*** DATA
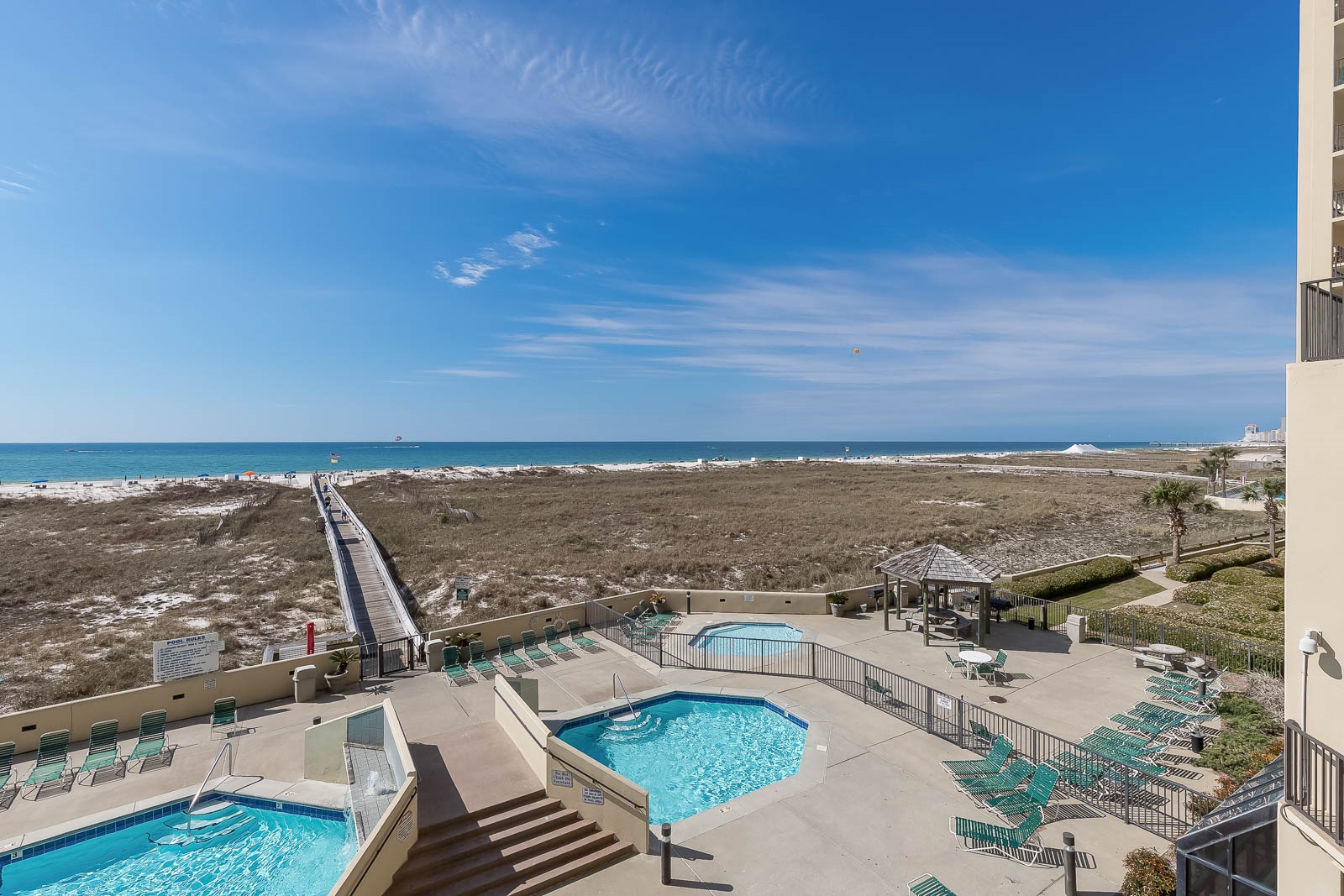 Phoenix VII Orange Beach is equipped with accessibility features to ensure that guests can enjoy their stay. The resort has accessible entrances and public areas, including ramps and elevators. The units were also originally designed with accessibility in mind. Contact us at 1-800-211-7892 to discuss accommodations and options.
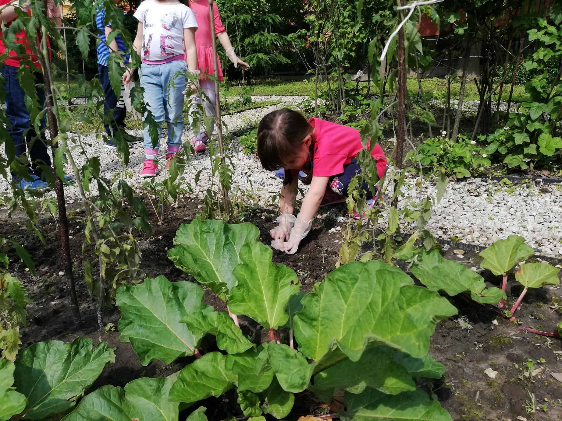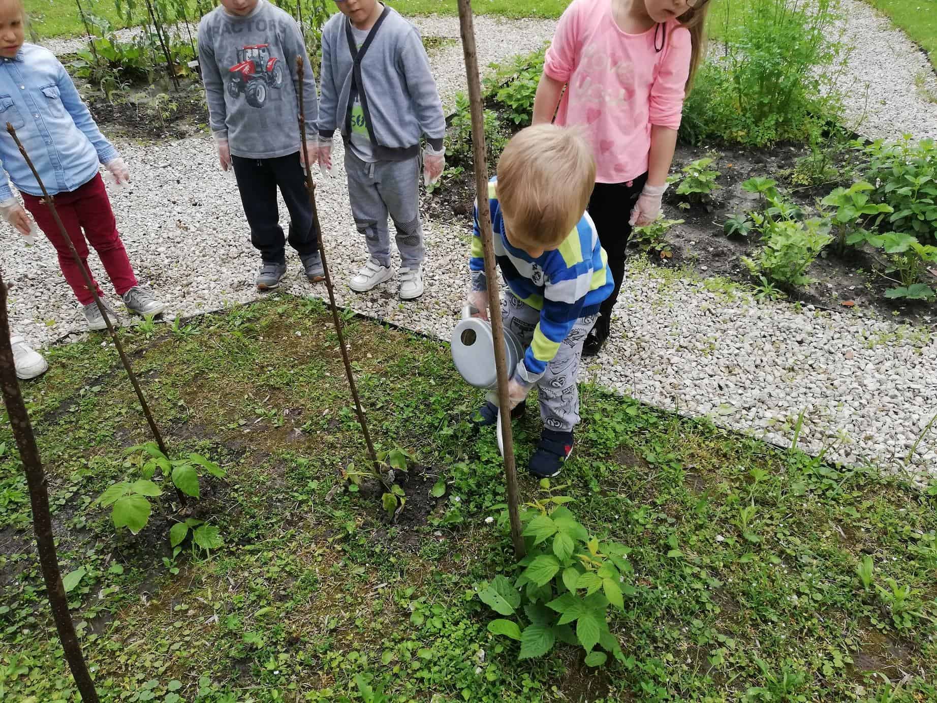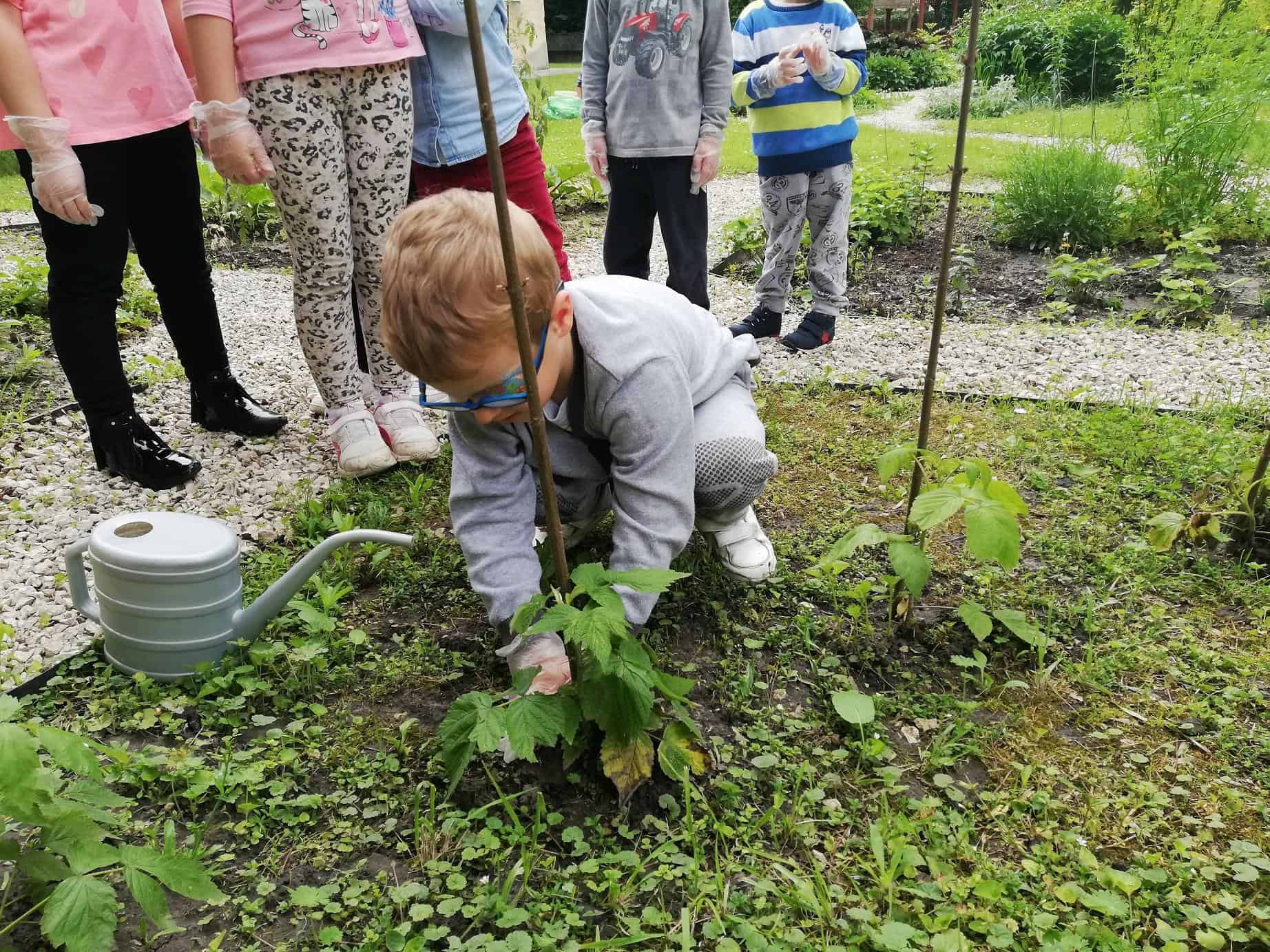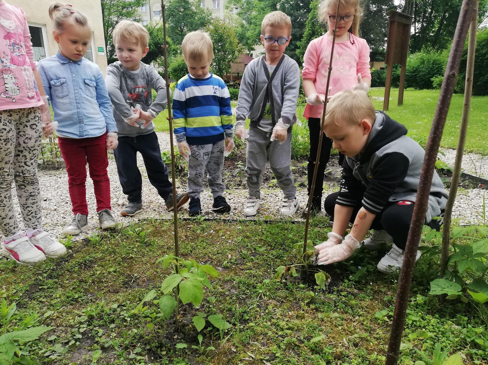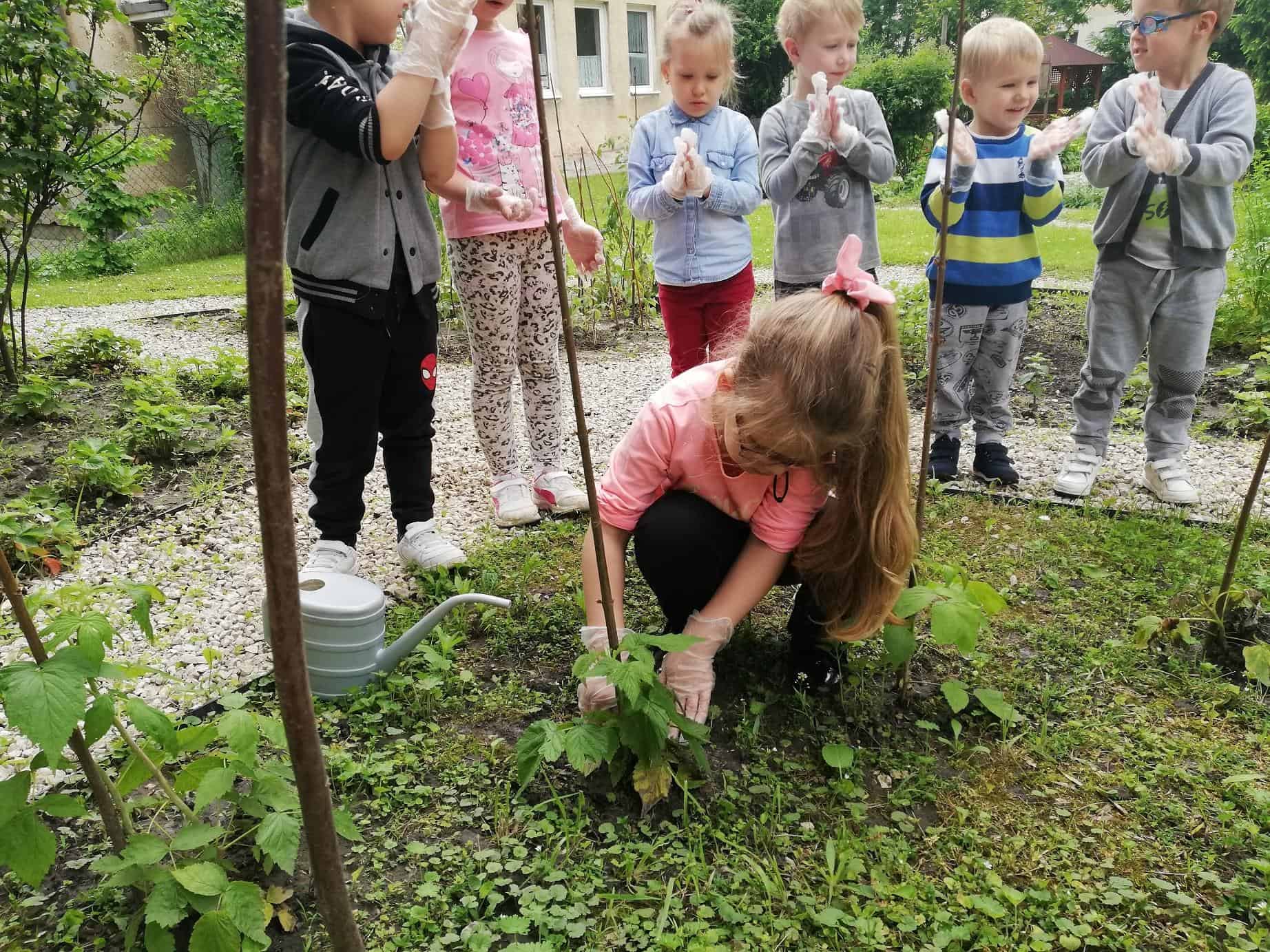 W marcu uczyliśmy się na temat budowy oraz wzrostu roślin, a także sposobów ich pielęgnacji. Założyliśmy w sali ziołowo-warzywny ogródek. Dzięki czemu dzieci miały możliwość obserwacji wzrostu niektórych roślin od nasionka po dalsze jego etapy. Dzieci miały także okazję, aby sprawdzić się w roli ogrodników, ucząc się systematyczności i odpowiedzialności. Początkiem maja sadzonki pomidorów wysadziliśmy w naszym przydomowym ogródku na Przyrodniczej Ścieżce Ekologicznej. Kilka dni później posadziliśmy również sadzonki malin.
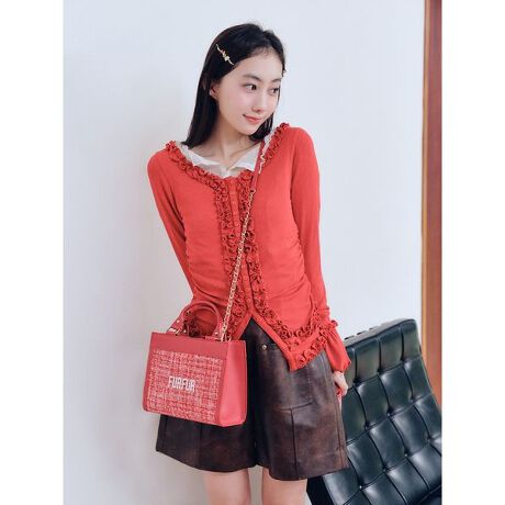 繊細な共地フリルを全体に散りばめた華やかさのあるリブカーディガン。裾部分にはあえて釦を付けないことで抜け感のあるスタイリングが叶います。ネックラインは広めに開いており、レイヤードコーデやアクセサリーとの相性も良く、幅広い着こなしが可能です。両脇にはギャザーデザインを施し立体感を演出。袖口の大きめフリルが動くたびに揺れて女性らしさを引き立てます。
******
EXERCISE PROMPT: Would you write out all of the data exactly as it stands, without the pictures?

REPLY:
 Phoenix VII Orange Beach is equipped with accessibility features to ensure that guests can enjoy their stay. The resort has accessible entrances and public areas, including ramps and elevators. The units were also originally designed with accessibility in mind. Contact us at 1-800-211-7892 to discuss accommodations and options.
 W marcu uczyliśmy się na temat budowy oraz wzrostu roślin, a także sposobów ich pielęgnacji. Założyliśmy w sali ziołowo-warzywny ogródek. Dzięki czemu dzieci miały możliwość obserwacji wzrostu niektórych roślin od nasionka po dalsze jego etapy. Dzieci miały także okazję, aby sprawdzić się w roli ogrodników, ucząc się systematyczności i odpowiedzialności. Początkiem maja sadzonki pomidorów wysadziliśmy w naszym przydomowym ogródku na Przyrodniczej Ścieżce Ekologicznej. Kilka dni później posadziliśmy również sadzonki malin.
 繊細な共地フリルを全体に散りばめた華やかさのあるリブカーディガン。裾部分にはあえて釦を付けないことで抜け感のあるスタイリングが叶います。ネックラインは広めに開いており、レイヤードコーデやアクセサリーとの相性も良く、幅広い着こなしが可能です。両脇にはギャザーデザインを施し立体感を演出。袖口の大きめフリルが動くたびに揺れて女性らしさを引き立てます。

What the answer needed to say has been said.